Les causes sexuelles sont nombreuses, avec chacune leur propre armée. Ceux qui sont pour le droit de s'habiller comme ils veulent dans la rue, ceux qui sont pour se déshabiller à la plage, ceux qui sont pour l'avortement, ceux qui sont contre, ceux qui sont pour ou contre l'homosexualité. Chacun dans son coin, chacun et sa bataille qu'il croit sacrée. En attendant, des dizaines de milliers de filles sont encore excisées chaque mois dans le monde. Des dizaines de milliers de femmes avortent dans des conditions catastrophiques pour leur santé mentale et physique. Des millions accouchent aussi dans des conditions tout aussi catastrophiques, d'enfants non désirés, démunies de tout moyen pour les élever dignement. D'autres meurent d'envie d'en avoir, passant par des procédures pénibles qui rendent la maternité un chemin de croix. Des peuples à l'histoire prestigieuse disparaissent par dénatalité massive. Des femmes sont encore considérées comme des sorcières potentielles, des envoûteuses d'homme, indignes de toute autonomie civile ou éducationnelle, qu'il faut cacher sous le voile et derrière des murs.

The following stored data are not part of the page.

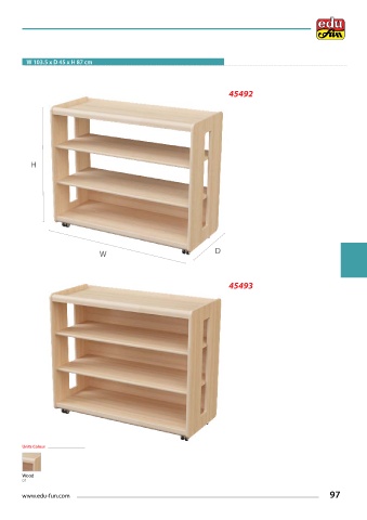 W 103.5 x D 45 x H 87 cm 45492 H W D 45493 Units Colour Wood 01 www.edu-fun.com 97
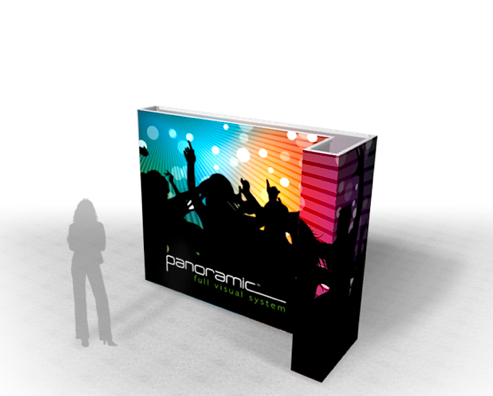 Panoramitm aluminum extrusion frame is a unique concept. The entire display is transformed into one continuous fabric graphic design. The exhibit structure truly becomes your brand image or message. The SEG (silicone edge graphic) fabric graphics are of the highest image quality and custom finished to match your specific design. The fabric graphics fold up making your entire display easy to store and transport.
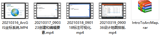 整理的ArcMap基础教程。共有4个视频,共3g。包括4种技术,分别为坐标系统、创建和编辑要素、标注可视化、设计地图排版等方面,附带了可操作的数据。
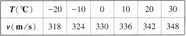 11. 跨学科情境 物理声音传播速度 经研究发现,声音在空气中的传播速度$v(\text{m/s})与空气的温度T(^{\circ}\text{C})$之间在一定范围内存在一次函数关系,如下表所示:
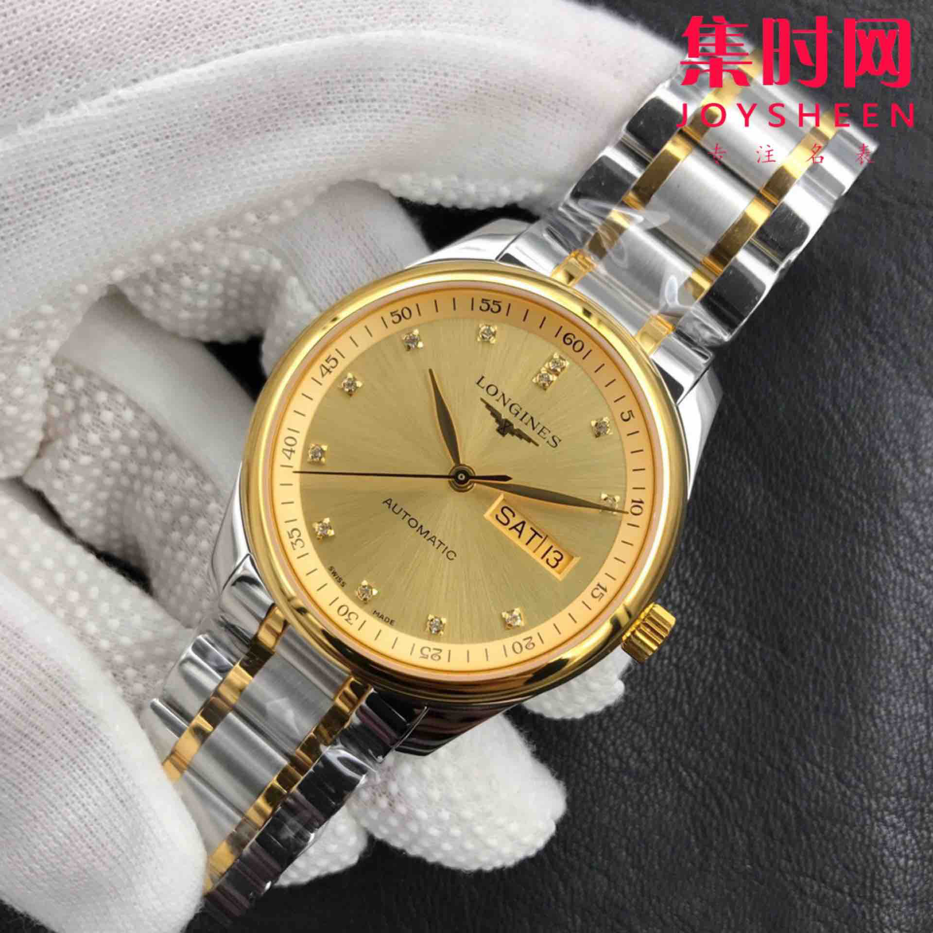 新升级版 浪琴v3名匠双历系列😎ི 间金数字面 经典爆款推荐,原装级蓝宝石镜面,表盘38.5mm 316L精钢表壳表带 2836-2自动上链机械机芯

La Cité est en grand déséquilibre. Se battre pour sa cause, son bout de la lorgnette, est une braise de plus jetée dans la fournaise. Comprendre la sexualité, la recadrer comme un appétit merveilleux, comme un outil de la reproduction, pas comme son moteur, l'intégrer dans l'échelle des autres appétits, apportera la paix dans l'individu et sa Cité. C'est le Projet de l'homme et de la femme. Il n'a encore jamais été accompli. Le bonheur sexuel, jusqu'à présent, a été en préparation. L'humanité a vécu sa phase d'éducation sexuelle, avec ce qui y est beau et ce qui y est très laid. Vraiment très laid. La laideur de la sexualité est l'urgence, pas sa beauté, qu'on a tous l'occasion de retrouver à deux, ou même avec soi-même.